Nowhere in the event planner’s book does it say that you must offer pricing tiers. However, if you want to do so, make sure they are effective. You do this by avoiding these pricing traps:
- Too much choice in services offered
- Too big or little a valley between tiers
Most people worry their pricing is too expensive and so they end up slashing it and discounting it to the point that they’ve eroded their profit. If you are providing value and serving your target customer, you are generally not charging too much. Look at Macs, for instance. In some cases, those computers cost nearly double what PCs do. And yet most of their users are loyal and won’t ever switch back to PC. Their iPhones have a loyalty rate of 92%. Though Macs are expensive, should they be defined as a luxury brand or are they more of a lifestyle choice? People from all types of household budgets set aside the money for something they see value in. So while price may be a factor for some people, it’s not for everyone.
Avoid These Mistakes
Make sure that you don’t make these mistakes which undermine your unique value proposition.Too Many Choices
When you offer too many choices, clients get lost in options and end up making the decision based on their wallets. It’s the only thing they understand.

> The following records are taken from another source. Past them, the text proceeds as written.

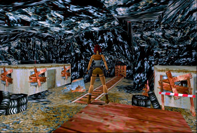 Jetzt kehrst du zurück zum See und gehst bei den Fässern an Land. Hier kommst du zu der Höhle mit dem Schienenfahrzeug, daß du vorhin bewegt hast. SG2 Gehe in den Tunnel und schiebe die Kiste zweimal. Der Gang dahinter führt dich zu der zweiten Sicherung (nehmen). Gehe aber nicht weiter, sondern sofort wieder zurück zur Kiste, sonst wirst du von einem der Ganoven entdeckt. Steige auf die Kiste und ziehe dich hoch in die Nische mit Uzi-Munition, wo du den Schalter drückst. Jetzt geht es zurück zum See und hinter den Wasserfall. Folge wieder dem Gang bis in die Höhle mit der aufgehängten Baracke und weiter in die nächste. Gehe dort links in den Tunnel hinter dem Reifenstapel und folge ihm bis zur Tür, die du vorhin geöffnet hast. Dahinter liegt Uzi-Munition und du drückst den Hebel, um das Förderband einzuschalten, das dir die dritte Sicherung liefert. Jetzt kannst du sie einsetzen SG3 (du weißt ja noch, wo) und damit die Baracke abseilen. In ihr liegen deine Pistolen (endlich!). Nun steigst du auf die Baracke und springst mit Anlauf/Griff zu der Wandöffnung. Hier ziehst du dich gleich rechts hoch in die Öffnung und kommst zu einer automatischen Tür. Achtung! So wie ich es hier beschreibe, hat man es früher gemacht, jetzt darf man diese Bodenklappe über dem Loch nicht mehr auslösen, wenn man den folgenden Erfolg haben will, siehe unten! Rutsche dahinter rückwärts hinab, greife die Kante, und ziehe dich wieder hoch. Jetzt kannst du dich in den nächsten Gang ziehen und erreichst Geheimnis 1 mit Medipack, Uzi-Magazinen und einem Schalter, der wieder die vorherige Tür öffnet. Kehre zurück in den Tunnel und gehe nach rechts weiter zum See vom Anfang. Springe hinunter (Kristall 3 von 7) und begib dich zurück zu dem Tunnel beim Schienenfahrzeug und weiter zu der Stelle, an der du die zweite Sicherung gefunden hast. Erfolg: "Darauf falle ich nicht herein" = Sammle in Natlas Katakomben ein Geheimnis ein, ohne eine Falle auszulösen. Man muß gleich nach oben in den Eingang zum Geheimnis springen, ohne die Bodenklappe über dem Loch auszulösen, und ebenso wieder raus, dann zählt es! Ist in meinem entsprechenden Remastered-Video zu sehen! Erfolg: "Jetzt wird's persönlich!" = Besiege Cowboy. Geht mehr oder weniger nicht anders... Wenn du weiter gehst, kommt ein Ganove (Cowboy), der mit den Magnums, die er dir im letzten Level abgenommen hat, auf dich schießt. Da du nur Pistolen hast, wird das ein echt harter Kampf für dich. Es gibt einen Trick: locke ihn an und laufe schnell zurück zur Kiste, über die du springst und bis zum Schienenfahrzeug läufst. Von hier aus kannst du gemütlich auf den Schurken ballern, da er nicht weiter als bis zur Kiste geht. Anschließend holst du dir deine Magnums zurück (gehören ja schließlich dir!) und gehst in die Höhle SG4, aus der der Schurke kam. Rechts hinten am Abgrund kannst du dich auf einen quadratischen Vorsprung herablassen (Kristall 4 von 7). Dort hängst du dich dann an die Kante, läßt los und greifst den Block darunter, auf dem ein Medipack legt. Hier hangelst du an dem Felsspalt bis ganz rechts und läßt los. Um die Ecke findest du den nächsten Spalt, den du auch bis ganz rechts hangelst und losläßt. Hier siehst du an der rechten Wand noch einen Spalt. Springe mit Anlauf/Griff zu der Kante der darüberliegenden Schräge, lasse los und halte dich sofort am Spalt fest, den du bis ganz rechts hangelst und dich fallen läßt. Folge dort dem Gang, bis du unten beim wunderschön warmen Lava-See heraus kommst. Die roten Kügelchen sind übrigens nicht sehr gut für Laras Gesundheit. Hier springst du auf den Felsen in der Mitte des Lava-Stroms und am anderen Ende mit Anlauf auf den rechten Pfeiler. Genauso geht es auf den nächsten und von dort mit Anlauf in die Wandöffnung. Laufe zu der Holzkiste in der Wand vor dir und schiebe sie schnell hinein, da von links eine Kugel anrollt. Dann ziehst du die Kiste zur Seite (Geheimnis 2) und kannst so nach oben klettern, wo du ein Medipack und Uzi-Magazine findest. Springe dort in den Gang und am Ende hinab. Wenn du auf den Schienen zur Kugel gehst, findest du Uzi-Magazine, ein Medipack und deine Schrotflinte. Quetsche dich nun an der Kugel vorbei (es geht mit laufen und springen) zur Holzkiste und ziehe dich wieder nach oben. In dem Raum, wo du vorhin die Munition gefunden hast, ist eine Öffnung, durch die du hinunter auf die andere Seite der Kugel springen kannst und so wieder zum Lava-Strom kommst. Springe mit Anlauf zurück auf den Pfeiler, von dem du gekommen bist, und ebenso weiter nach rechts auf den rechten Pfeiler, dort auf den nächsten und schließlich zum letzten (der linke von beiden). Lasse dich hinab und gehe in den Gang. Hier rutschst du zum Block bei der Lava hinab und springst mit Griff zum anderen Block, wo du dich hochziehst und einige TNT-Kisten erreichst (soweit ich weiß, bedeutet das "Tri-Nitro-Toluol" und ist ziemlich explosiv). SG5 Die leicht beschädigte Kiste in der hinteren Ecke ist beweglich. Ziehe sie in den nächsten Raum und stelle sie unter die Öffnung in der linken Wand. Jetzt kannst du dich in diese Öffnung hochziehen (Kristall 5 von 7). Hier gehst du die Rampe nach oben und kletterst hinauf. Bei der Lava-Grube springst du mit Anlauf auf die rechte Schräge und ebenso weiter zur anderen Seite der Grube. Folge dem Gang, bis du den Lava-See erreichst. Gehe weiter zum Schalter (drücken), vor dem auch noch Munition liegt. Anscheinend ist gerade eine TNT-Kiste hoch gegangen. Kehre also dorthin zurück. Bei den kaputten Kisten kannst du nun links über die Felsen klettern und eine große Halle erreichen. SG6 Sobald du die Halle betrittst, kommt ein Typ auf einem Skateboard (Skater) angerollt. Dummerweise hat er deine Uzis und schießt natürlich auch noch damit. Auch hier gibt es einen Trick: locke ihn an und springe schnell zurück hinter die Felsen, um aus sicherer Entfernung zu schießen. Anschließend holst du dir deine Uzis zurück SG7 und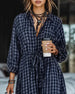 Modieuze Jurk Met Ruitpatroon En Geknoopte Kraag
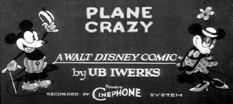 Plane Crazy was the first animated cartoon to feature Mickey Mouse as well as Minnie Mouse (Mickey’s girlfriend). The short was co-directed by Walt Disney and Ub Iwerks.

Take a look at software and technology companies. They generally offer three options – a free, a middle, and an enterprise option, or three options in addition to the free one. Their livelihood relies on their ability to get customers to opt for something other than free. They need to provide basic service but limit it in some way that will make people buy instead of remaining free customers. If they had ten different choices, customers wouldn’t take the time to assess them and they’d just select the cheapest.Too Big or Little Difference Between Tiers
The same can be said when there is too vast a difference between pricing options. For instance, let’s assume you have two different types of service as an event planner. The first one is standard planning, no frills. Just planning You’re on your own for the day-of management. The second plan is a personal concierge type service where you practically offer to live with the person while you’re in charge of their event.

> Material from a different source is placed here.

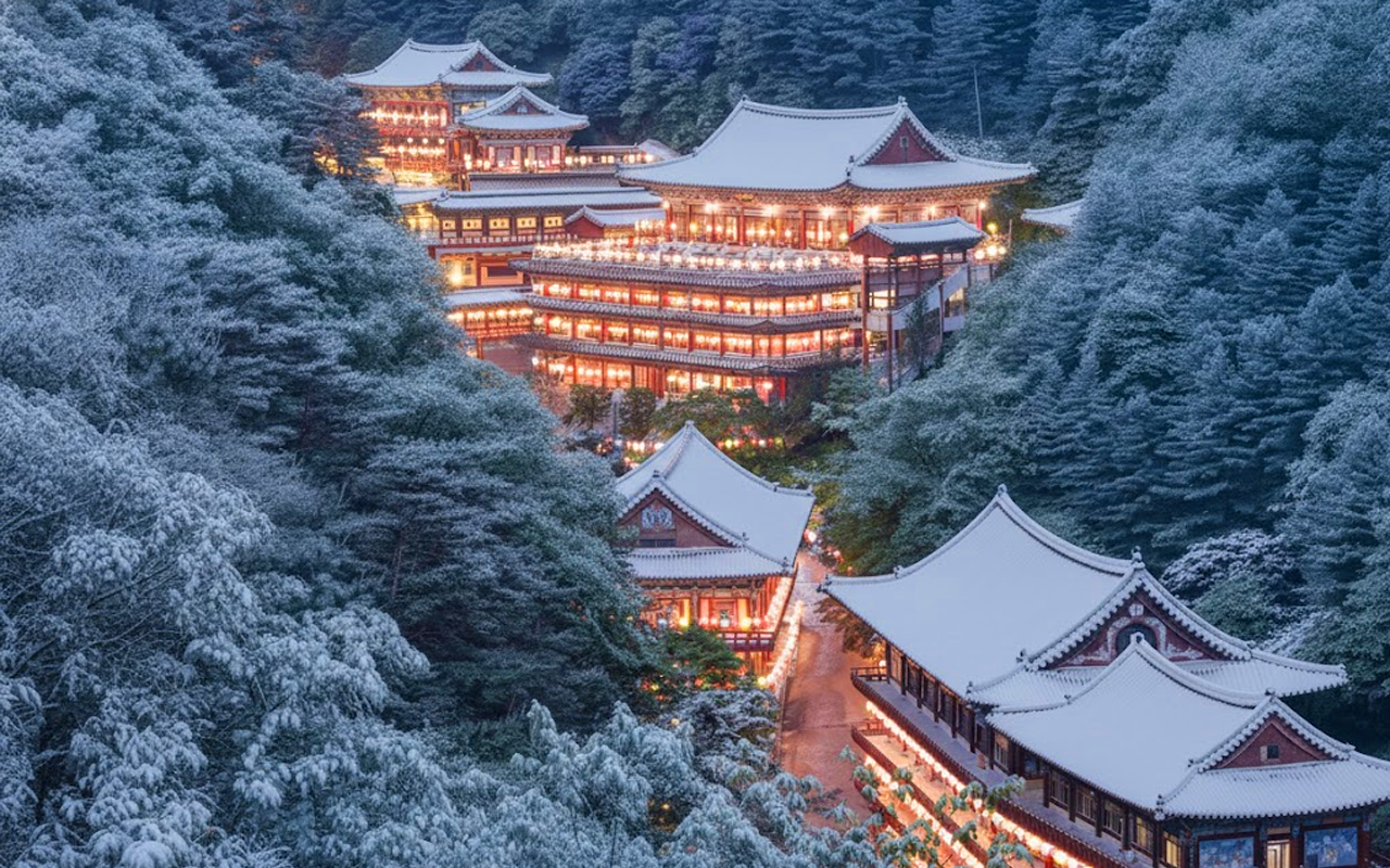 # 설경 속에 빛나는 황금빛 기적, '대조사전'
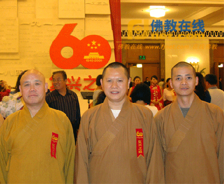 2009年9月24日晚,北京人民大会堂洋溢着节日的喜庆气氛,为庆祝中华人民共和国成立60周年而创排的大型音乐舞蹈史诗《复兴之路》为首都各界人士举行首场演出。中国佛教协会教务部副主任清远法师,北京广济寺方丈演觉法师、监院道藏法师,中国佛教文化研究所研究员园慈法师等佛教界人士观看了演出。

Does it feel like something’s missing? How about the “just right” solution?
If you have services priced at either side of a giant canyon, clients will likely stay on the safe side, the one where they’re not shelling out an exorbitant amount. In order to get them to traverse the great divide with you, you need to first give them some middle ground, a pricing option that is comfortable with a slightly smaller price point but also fewer services.
Again, you don’t have to offer multiple plans but if you do, you need to take a note from how software companies price.- Label one of your options as a “best value” option.
- Differentiate with something of value. Tech companies often use the number of accounts as a differentiator. And there’s no getting around this. For instance, if you’re looking at social media scheduling software and the free account only allows you to post to two social media accounts, guess what? You’re going to pay for the upgrade. Very few people these days are using schedulers for only 1-2 accounts.
- Use price anchoring. Having an executive level pricing structure for event planning may not get a lot of bites but it makes your less expensive options feel like a steal. Just as bright light affects the color we see, having an expensive tier on the same page with another option, sets the tone for how people perceive it.
In Conclusion
Clients are busy. We can’t expect them to sort through all the differences in our services and those they’re comparing us to. If we wait for them to derive the value, we’ll likely be waiting a long time. It’s up to us as event professionals to point it out…and often. But to be effective at helping them to see value we have to invest the time in having conversations, not sales pitches.